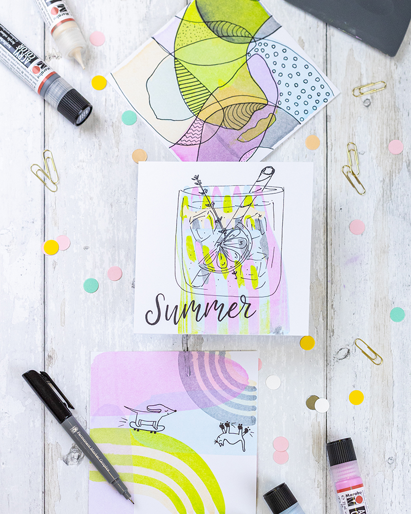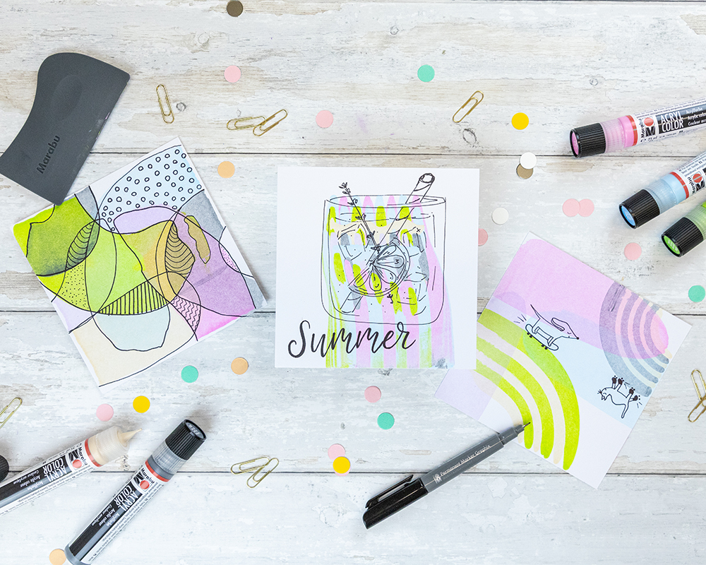 Karten gestalten mit Marabu SQUEEGEE ART SET PASTEL
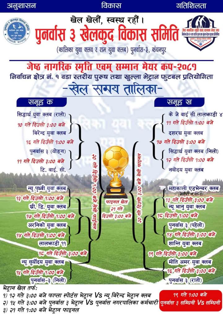 पुनर्वास ३ खेलकुद विकास समिति (कालिका युवा क्लव र राम युवा क्लव पुनर्वास ३) कंचनपुरको आयोजनामा “जेष्ठ नागरिक स्मृति तथा सम्मान मेयर कप वडा स्तरिय फुटबल प्रतियोगिता र जेष्ठ नागरिक स्मृति तथा सम्मान कप खुल्ला पुरुष भेट्रान फुटबल प्रतियोगिताको दोस्रो संस्करण २०८१
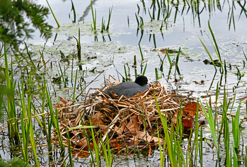 © Rhönbergfoto, Fototapeta premium brütendes Blässhuhn im Nest
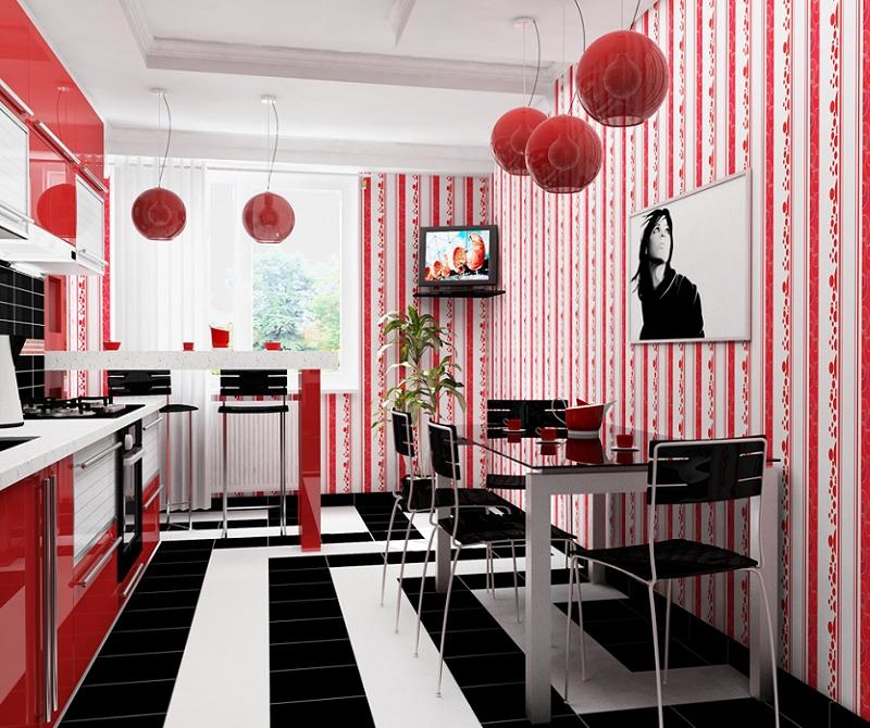Le rouge est combiné avec de nombreuses couleurs. Un mélange de beige délicat, de blanc rafraîchissant - adoucit le rouge. La plénitude avec des couleurs sombres améliore son effet.

•••••

TASK DIRECTIONS: Without the pictures, please reproduce each line of the listing above exactly, from the first one through the line bearing "पुनर्वास ३ खेलकुद".

ANSWER SPACE:
 Karten gestalten mit Marabu SQUEEGEE ART SET PASTEL
 पुनर्वास ३ खेलकुद विकास समिति (कालिका युवा क्लव र राम युवा क्लव पुनर्वास ३) कंचनपुरको आयोजनामा “जेष्ठ नागरिक स्मृति तथा सम्मान मेयर कप वडा स्तरिय फुटबल प्रतियोगिता र जेष्ठ नागरिक स्मृति तथा सम्मान कप खुल्ला पुरुष भेट्रान फुटबल प्रतियोगिताको दोस्रो संस्करण २०८१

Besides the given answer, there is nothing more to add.